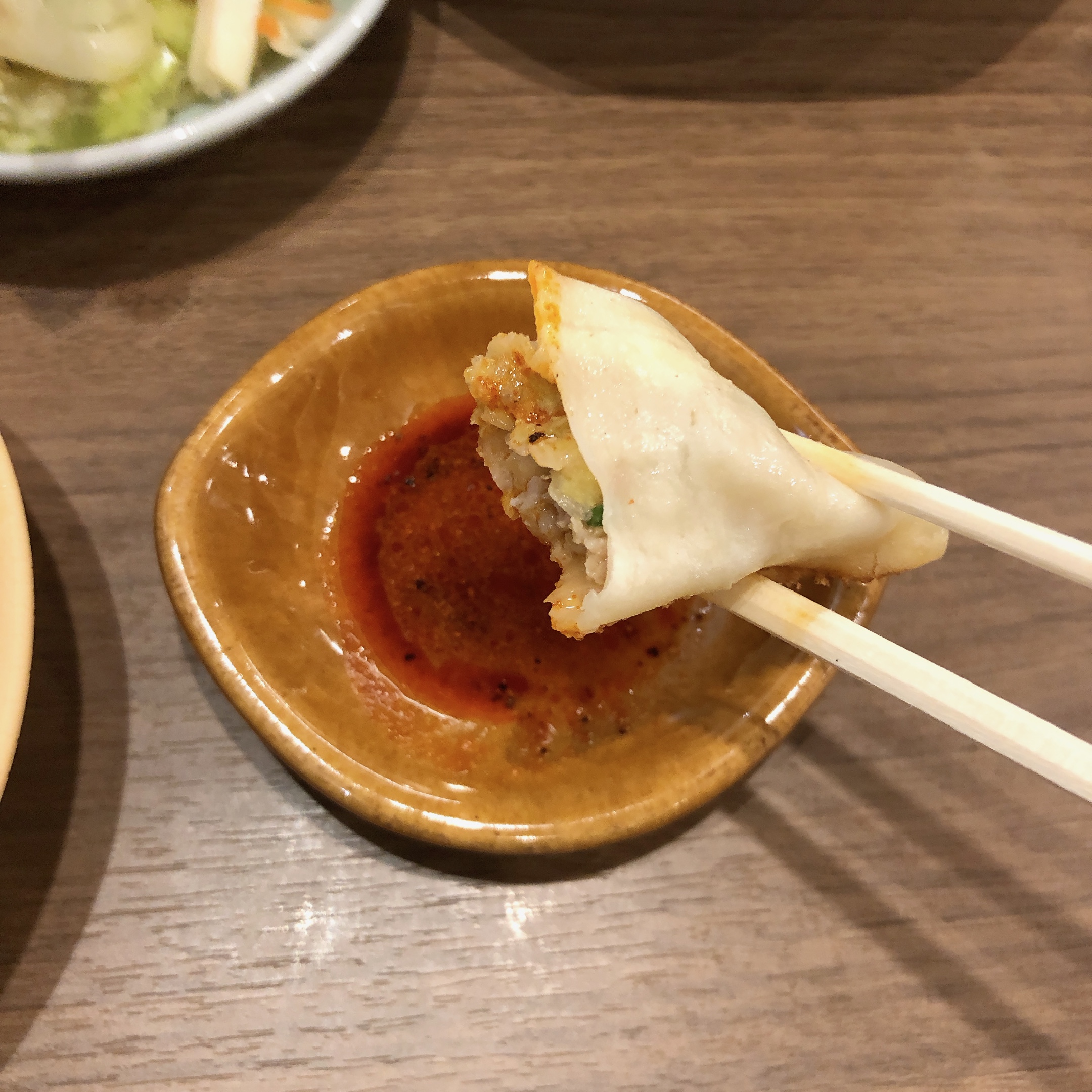저 물은 진짜 그냥 물이었다. 저기에 좋아하는 양념을 뿌려먹으래서 신기하게 물에 간장 식초 기름등을 뿌려서 휘휘 저어 먹었다. 일본 교자 많이 먹어봤지만 저런 스타일은 처음이었다. 희안함. 저 물의 맛은.. 간장 식초 기름 맛? (넣었으니까 당연해?) 물은 일단 제쳐두자. ㅋ 와... 이 만두는 쫄깃하지 않다. 뚈깃하다! 좋아!! 뚈깃뚈깃 해!
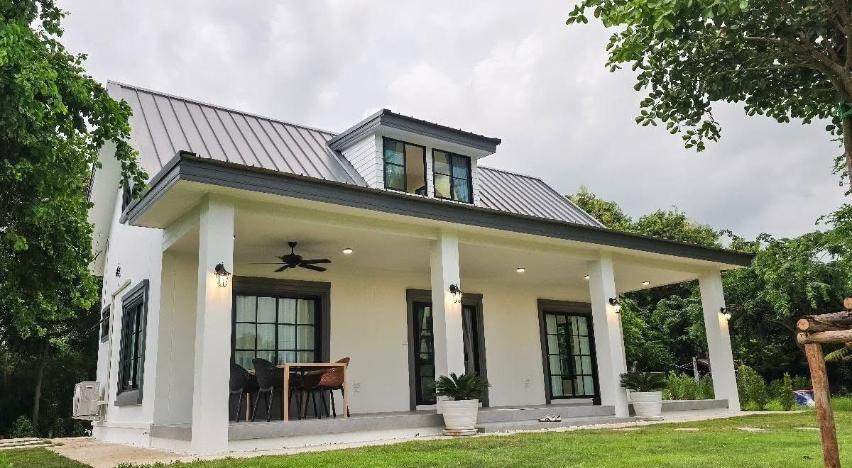 Stylish House Near the International Circuit This modern house is ideally located near Chang Arena (4.2 km), Chang Circuit Buriram (5.9 km), and Big C (1.5 km). The house: - Two high-quality bedrooms with comfortable queen-size beds - Two bathrooms - A living room - A fully equipped kitchen with a washing machine - 500 Mbps Wi-Fi and cable TV - Complimentary coffee and drinking water The two bedrooms are located on the SECOND floor, while downstairs you will find the living room and kitchen
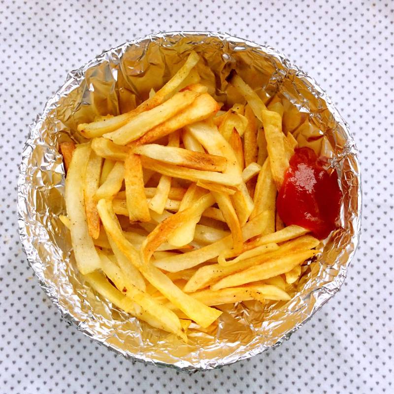 5:用锡纸将撒了盐和黑胡椒的薯条包裹起来,烤箱预热好后放入,220度,25分钟
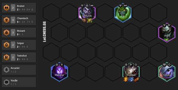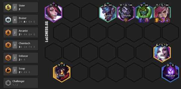这套阵容理解非常简单粗暴,主要就是蒙多与厄加特一个全坦出装一个纯物理DPS,装备上物理输出装备就好,多余属地法强给予风女就好。阵容5炼金后开始起飞,蒙多就像一个不死的战神。 6挑战永恩

=== Instructions for the task ===
Make an exact copy of the listing. Do not carry over its pictures.

=== Response to this task ===
저 물은 진짜 그냥 물이었다. 저기에 좋아하는 양념을 뿌려먹으래서 신기하게 물에 간장 식초 기름등을 뿌려서 휘휘 저어 먹었다. 일본 교자 많이 먹어봤지만 저런 스타일은 처음이었다. 희안함. 저 물의 맛은.. 간장 식초 기름 맛? (넣었으니까 당연해?) 물은 일단 제쳐두자. ㅋ 와... 이 만두는 쫄깃하지 않다. 뚈깃하다! 좋아!! 뚈깃뚈깃 해!
 Stylish House Near the International Circuit This modern house is ideally located near Chang Arena (4.2 km), Chang Circuit Buriram (5.9 km), and Big C (1.5 km). The house: - Two high-quality bedrooms with comfortable queen-size beds - Two bathrooms - A living room - A fully equipped kitchen with a washing machine - 500 Mbps Wi-Fi and cable TV - Complimentary coffee and drinking water The two bedrooms are located on the SECOND floor, while downstairs you will find the living room and kitchen
 5:用锡纸将撒了盐和黑胡椒的薯条包裹起来,烤箱预热好后放入,220度,25分钟
这套阵容理解非常简单粗暴,主要就是蒙多与厄加特一个全坦出装一个纯物理DPS,装备上物理输出装备就好,多余属地法强给予风女就好。阵容5炼金后开始起飞,蒙多就像一个不死的战神。 6挑战永恩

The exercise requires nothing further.